I thought that it was another type of the usual handbrake type of the cars (just for "holding" the tractor when the engine is off), but someone told me that it is used to keep the 4WD attached.

I tried using the 4WD without pulling the transmission handbrake and it worked properly.

If anybody knows please let me know.


----------



## sixbales (May 18, 2011)

We normally do not have transmission handbrakes on tractors here in the USA. We have footbrake locks which serve the same purpose as a parking brake. They are used for holding the tractor in place when parked - just like an automobile parking brake.

The transmission handbrake should have no affect on the 4 wheel drive engagement, which you have verified. 

Just to be sure we are talking about the same transmission handbrake, it is located on the Left Hand side of your tractor, bolted to the rear differential housing housing near the PTO lever. It has it's own lever attached that you pull up. You should release the transmission handbrake before moving the tractor.
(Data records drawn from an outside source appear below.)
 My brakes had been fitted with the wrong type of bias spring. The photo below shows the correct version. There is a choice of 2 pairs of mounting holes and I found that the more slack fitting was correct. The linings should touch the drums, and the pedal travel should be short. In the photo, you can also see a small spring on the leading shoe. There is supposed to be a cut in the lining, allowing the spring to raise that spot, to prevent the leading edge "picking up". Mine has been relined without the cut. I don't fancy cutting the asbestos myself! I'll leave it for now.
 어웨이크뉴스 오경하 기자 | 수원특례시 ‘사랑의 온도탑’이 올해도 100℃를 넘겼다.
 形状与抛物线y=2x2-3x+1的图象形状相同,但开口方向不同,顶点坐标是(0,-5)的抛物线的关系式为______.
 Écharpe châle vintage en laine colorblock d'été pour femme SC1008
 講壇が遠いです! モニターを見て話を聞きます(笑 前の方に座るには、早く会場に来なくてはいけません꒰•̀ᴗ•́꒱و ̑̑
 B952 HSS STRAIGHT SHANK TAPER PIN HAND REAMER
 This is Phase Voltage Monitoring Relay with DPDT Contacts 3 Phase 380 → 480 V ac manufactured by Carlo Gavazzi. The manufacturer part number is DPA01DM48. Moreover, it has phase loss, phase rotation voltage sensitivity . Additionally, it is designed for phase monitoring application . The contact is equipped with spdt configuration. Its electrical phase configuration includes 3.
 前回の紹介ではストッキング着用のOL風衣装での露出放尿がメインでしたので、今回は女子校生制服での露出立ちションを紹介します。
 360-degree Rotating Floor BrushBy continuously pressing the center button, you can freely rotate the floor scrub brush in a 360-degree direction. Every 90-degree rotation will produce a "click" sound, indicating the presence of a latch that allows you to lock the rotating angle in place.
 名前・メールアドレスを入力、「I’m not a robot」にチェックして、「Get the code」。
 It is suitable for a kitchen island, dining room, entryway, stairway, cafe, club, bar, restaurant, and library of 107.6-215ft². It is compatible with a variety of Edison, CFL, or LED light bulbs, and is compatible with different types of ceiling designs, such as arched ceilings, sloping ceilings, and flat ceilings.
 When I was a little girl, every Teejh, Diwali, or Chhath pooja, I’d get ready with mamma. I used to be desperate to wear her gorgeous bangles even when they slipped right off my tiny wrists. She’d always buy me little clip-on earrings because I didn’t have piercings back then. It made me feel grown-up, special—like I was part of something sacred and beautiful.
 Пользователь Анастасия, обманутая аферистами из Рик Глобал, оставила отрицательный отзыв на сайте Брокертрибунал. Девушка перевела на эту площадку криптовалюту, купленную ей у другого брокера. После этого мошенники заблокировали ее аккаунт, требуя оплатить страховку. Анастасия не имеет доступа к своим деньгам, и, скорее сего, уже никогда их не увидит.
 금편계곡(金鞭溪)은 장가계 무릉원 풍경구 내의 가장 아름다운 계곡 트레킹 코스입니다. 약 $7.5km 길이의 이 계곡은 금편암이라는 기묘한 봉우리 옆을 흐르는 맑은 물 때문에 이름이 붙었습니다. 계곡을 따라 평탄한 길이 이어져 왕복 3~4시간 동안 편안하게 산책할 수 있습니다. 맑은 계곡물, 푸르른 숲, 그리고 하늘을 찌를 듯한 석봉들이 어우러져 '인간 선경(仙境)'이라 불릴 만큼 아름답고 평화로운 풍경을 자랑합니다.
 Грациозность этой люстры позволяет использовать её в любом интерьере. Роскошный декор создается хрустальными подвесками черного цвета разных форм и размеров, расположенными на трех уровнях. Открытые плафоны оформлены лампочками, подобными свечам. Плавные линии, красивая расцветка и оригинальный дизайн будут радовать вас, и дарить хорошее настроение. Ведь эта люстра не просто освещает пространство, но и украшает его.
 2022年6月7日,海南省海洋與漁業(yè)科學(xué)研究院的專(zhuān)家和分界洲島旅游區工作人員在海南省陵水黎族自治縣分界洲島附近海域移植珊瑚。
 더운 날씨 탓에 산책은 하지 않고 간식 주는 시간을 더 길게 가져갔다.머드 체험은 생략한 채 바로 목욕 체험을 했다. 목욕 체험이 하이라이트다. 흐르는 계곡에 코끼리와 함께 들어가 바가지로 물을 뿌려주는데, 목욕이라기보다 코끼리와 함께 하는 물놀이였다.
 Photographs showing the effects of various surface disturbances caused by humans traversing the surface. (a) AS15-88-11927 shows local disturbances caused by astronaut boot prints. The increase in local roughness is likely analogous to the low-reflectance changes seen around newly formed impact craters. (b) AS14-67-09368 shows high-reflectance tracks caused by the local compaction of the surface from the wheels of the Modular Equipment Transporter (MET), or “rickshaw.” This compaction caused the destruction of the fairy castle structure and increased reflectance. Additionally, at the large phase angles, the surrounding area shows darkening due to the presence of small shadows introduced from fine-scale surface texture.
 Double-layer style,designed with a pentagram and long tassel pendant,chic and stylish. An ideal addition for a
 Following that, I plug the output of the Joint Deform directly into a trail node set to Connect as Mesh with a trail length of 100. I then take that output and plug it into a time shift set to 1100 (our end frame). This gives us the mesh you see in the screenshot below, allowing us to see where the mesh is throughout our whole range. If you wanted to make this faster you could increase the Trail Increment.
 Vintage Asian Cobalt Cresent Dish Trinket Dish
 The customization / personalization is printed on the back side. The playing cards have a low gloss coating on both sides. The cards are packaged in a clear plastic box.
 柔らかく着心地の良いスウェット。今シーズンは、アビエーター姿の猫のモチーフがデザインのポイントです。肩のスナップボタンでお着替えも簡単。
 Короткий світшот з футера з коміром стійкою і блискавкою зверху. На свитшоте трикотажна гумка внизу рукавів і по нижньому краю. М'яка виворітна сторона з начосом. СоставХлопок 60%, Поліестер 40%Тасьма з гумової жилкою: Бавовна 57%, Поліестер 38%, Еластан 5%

The engine should "grunt" if you try moving with the handbrake engaged.

See attached diagram. It appears that you can adjust the transmission handbrake by tightening locknut #33 on the brake control rod #23. If there is no brake adjustment remaining, you will have to replace the two brake discs #15 on the diagram. Doesn't look to be a big job (but I've never done one).


----------



## tilegrfos (Feb 7, 2013)

Thank you.

I would like to ask you if the transmission of this model is synchronized with the engine, because the keep telling me that it is not synchronized, but I change gears easily without stopping the tractor.

It seems to me that the transmission is synchronized. 

So once again I need your help!!!

The transmission is synchronized or not???


----------



## sixbales (May 18, 2011)

From what I can determine on the internet, your Ford 6600 transmission is NOT a synchromesh transmission. 

"The introduction of the Ford Series 10 tractors (i.e., 2610, 3610, 4610, 5610, 6610 7610, etc.) in September 1981 saw the implementation of the very first synchromesh gearbox to the Ford tractor line. This was introduced on the Series 10 tractors and was known as Synchroshift by Ford." 

So, the successor to your 6600 (the Ford 6610) had the first synchromesh transmission.


----------